Active-duty service members continue to be burned by student loan companies a year after the Justice Department reached a $60 million settlement against some of the worst offenders, according to a new report from the Consumer Financial Credit Bureau.
The bureau first reported on the problem in 2012, leading to a Justice Department investigation that found some 78,000 service members with student loans had been charged excess interest.
"Today's report makes it clear that service members continue to struggle to obtain the rights, protections, and programs afforded by their military service," said Holly Petraeus, the bureau's assistant director for Servicemembers Affairs.
Most of the affected service members came into the military with student loans. But under the law, lenders -- including private lenders -- must cap their loan interest rate at 6 percent while they remain on duty.
Petraeus said a review of some 1,300 complaints they've received since 2012 indicate the lenders are slow to process such requests and troops sometimes are unaware they have not been given the cap.

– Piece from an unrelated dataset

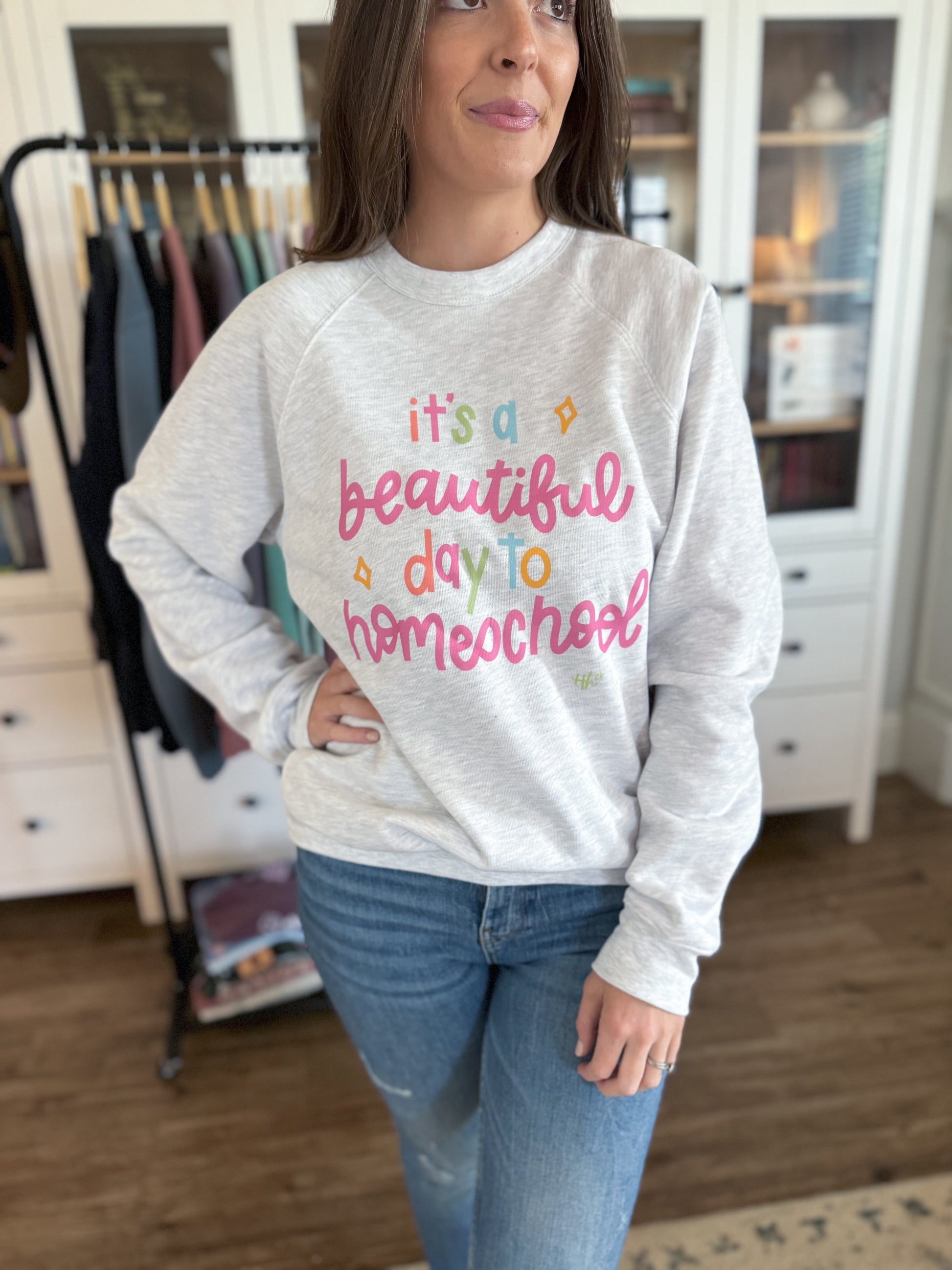 Are you a homeschool mama?! You're going to love this one! Our “It's A Beautiful Day to Homeschool” design is DTF transferred right here in Texas! This super soft Bella Canvas fleece sweatshirt fits true to size and comes in the color ash gray! I pray this fun design helps you notice the beauty in what you're doing as a homeschool mom!

Borrowers also include service members who took out education loans while on active duty, she said.
Some service members also ran into problems believing they had successfully enrolled in special programs to defer loan repayments while on active duty, only to learn otherwise after leaving the military. In such cases, they found their loan in default, handed off to a collection and their credit rating damaged.
In other cases, disabled veterans who qualified to have their loans discharged subsequently found their credit ratings hurt because the lender improperly reported the loan as in default, not discharged.
"It's not enough for [loan] servicers to say they support their military customers," Petraeus said. "While the sentiment is nice, what the military customer needs is not lip service but correct information and adequate servicing of their loans."
Some protections -- such as the lawful discharge of loan debt for individuals with 100 percent service connected disability -- are automatic with federally subsidized loans. Loans secured from private companies do not have to grant the discharge, she said, although some companies advertise this service.
According to the bureau, service members faced some of the same kinds of predatory lending programs that ensnarled and damaged homebuyers back in 2008.
This includes borrowers whose education loans were packaged as securities and sold to investors. The bureau said this group of service members could face additional problems when dealing with loan servicers.
In May 2014, the Justice Department announced a $60 million settlement with three companies providing student loans through the federal Sallie Mae program. This past May it announced that the money would start being distributed to about 78,000 individuals in June, with the average payment about $771.